概述
K8S 中的可观测性除了监控和日志,还有事件(Events)和审计(Audit),一般用来收集并构建事件中心、审计中心。
- K8S 事件: 如 Pod 的调度事件、Pod 的启动、拉镜像等,以 Events 形式存储,默认保留一小时,记录 K8S 中资源的状态变化。
- K8S 审计: 审计可以记录所有对 Apiserver 接口的调用,让我们能够非常清晰的知道集群到底发生了什么事情,通过记录的日志可以查到所发生的操作、用户和时间。
K8S Events 还可以做事件报警,如 Pod 创建失败,镜像拉取失败报警等,审计一般用于安全需求,尤其是多租户场景。
事件
介绍
为了让用户对 Kubernetes 的内部状态有更好的了解,Kubernetes 引入了事件(Events)系统,在 Kubernetes 的资源产生变化的时候,会以事件的形式记录在 APIServer 中,并可以通过 API或者 Kubectl 命令去查看,例如:
$ kubectl describe pod productpage-v1-7658b8dcc6-jvswr
...........
...........
Events:
Type Reason Age From Message
---- ------ ---- ---- -------
Normal Scheduled 44s default-scheduler Successfully assigned default/productpage-v1-7658b8dcc6-jvswr to cn-beijing.10.1.138.111
Normal Pulling 42s kubelet, cn-beijing.10.1.138.111 pulling image "docker.io/istio/examples-bookinfo-productpage-v1:1.15.0"

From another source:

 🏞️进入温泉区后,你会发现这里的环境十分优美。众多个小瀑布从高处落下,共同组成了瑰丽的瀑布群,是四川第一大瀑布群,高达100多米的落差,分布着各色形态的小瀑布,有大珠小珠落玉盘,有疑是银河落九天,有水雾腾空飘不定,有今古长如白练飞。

Normal Pulled 31s kubelet, cn-beijing.10.1.138.111 Successfully pulled image "docker.io/istio/examples-bookinfo-productpage-v1:1.15.0"

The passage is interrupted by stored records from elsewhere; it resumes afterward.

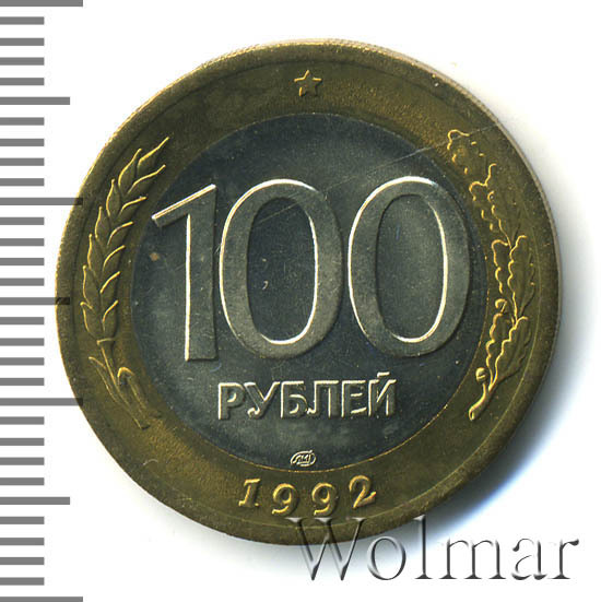 Сверху пятиконечная звезда, в центре немного смещенная вверх цифра «100» обозначающая номинал монеты, ниже слово «РУБЛЕЙ», под ним монограмма монетного двора (ЛМД). Внизу у края монеты год выпуска «1992». Слева колос, справа дубовая ветвь.
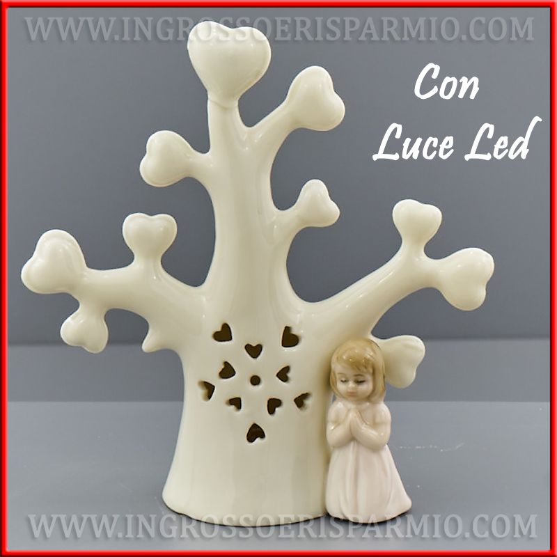 Statuetta in ceramica bianca a forma di albero della vita con intaglio centrale, per il passaggio della luce LED presente al suo interno. Accanto all'albero in ceramica è posta la figura di una bimba inginocchiata, a mani giunte, in preghiera: questa raffigurazione rende le bomboniere albero della vita specifiche per sacramenti come comunione o confessione o cresima femminuccia.
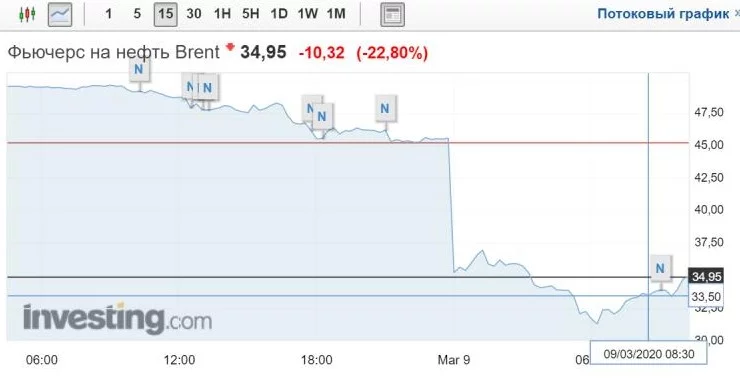 Большое потрясения ждало людей которые вкладывали все свои сбережения в нефть, считая ее одной из самых экономически стабильных акций на фондовом рынке. Обвал цены на целых 31% произошел сразу после открытия рынка 9 марта и цена стала равна 31.43$ за баррель, хотя при закрытии торгов 6 марта цена равнялась 45.27$ / баррель.
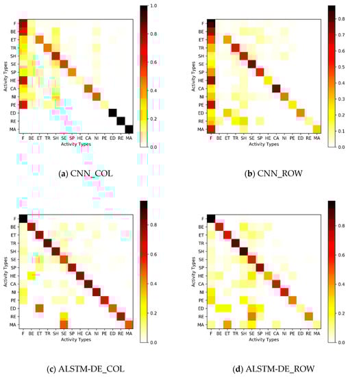 Heat maps of activities for the models. Since it is an unbalanced dataset, we have performed column-wise normalization (COL) and row-wise normalization (ROW) on the original heat maps. The values on the diagonal of “COL” correspond to precision score, and the values on the diagonal of “ROW” correspond to recall score.
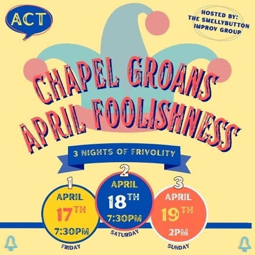 ACT - Chapel Groans - April Foolishness - Get ready for round two of Toledo’s first-ever improv festival. Actors Collaborative Toledo (ACT), in partnership with local improv troupe Smellybutton, is proud to present Chapel Groans – April Foolishness, the spring follow-up to last fall’s inaugural festival. April 17-19 in Trinity's Chapel. $10 per night or $25 for a festival pass (all three performances). Seating is limited; advance reservations are recommended. Tickets are available at https://act419.booktix.com/

Normal Created 31s kubelet, cn-beijing.10.1.138.111 Created container
Normal Started 31s kubelet, cn-beijing.10.1.138.111 Started container
$ kubectl get events
LAST SEEN TYPE REASON KIND MESSAGE
4m19s Normal Killing Pod Killing container with id docker://bluematador-agent:Need to kill Pod
4m19s Normal Killing Pod Killing container with id docker://bluematador-agent:Need to kill Pod
4m46s Normal Scheduled Pod Successfully assigned default/productpage-v1-7658b8dcc6-jvswr to cn-beijing.10.1.138.111
4m44s Normal Pulling Pod pulling image "docker.io/istio/examples-bookinfo-productpage-v1:1.15.0"

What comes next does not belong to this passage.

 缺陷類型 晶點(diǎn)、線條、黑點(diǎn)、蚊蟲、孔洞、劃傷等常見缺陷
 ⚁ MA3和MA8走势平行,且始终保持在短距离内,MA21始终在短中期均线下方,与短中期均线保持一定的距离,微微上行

4m33s Normal Pulled Pod Successfully pulled image "docker.io/istio/examples-bookinfo-productpage-v1:1.15.0"
4m33s Normal Created Pod Created container
4m33s Normal Started Pod Started container
4m41s Warning Unhealthy Pod Readiness probe failed: Get http://172.25.0.24:15020/healthz/ready: dial tcp 172.25.0.24:15020: connect: connection refused
4m39s Normal Killing Pod Killing container with id docker://istio-proxy:Need to kill Pod
4m14s Normal Killing Pod Killing container with id docker://productpage:Need to kill Pod
4m46s Normal SuccessfulCreate ReplicaSet Created pod: productpage-v1-7658b8dcc6-jvswr
事件包含了发生的时间、组件、等级(Normal、Warning、Error)、类型、详细信息,通过事件我们能够知道应用的部署、调度、运行、停止等整个生命周期,也能通过事件去了解系统中正在发生的一些异常。在 Kubernetes 各个组件的源码中都会定义该组件可能会触发的事件类型,例如 kubelet的 event record源码。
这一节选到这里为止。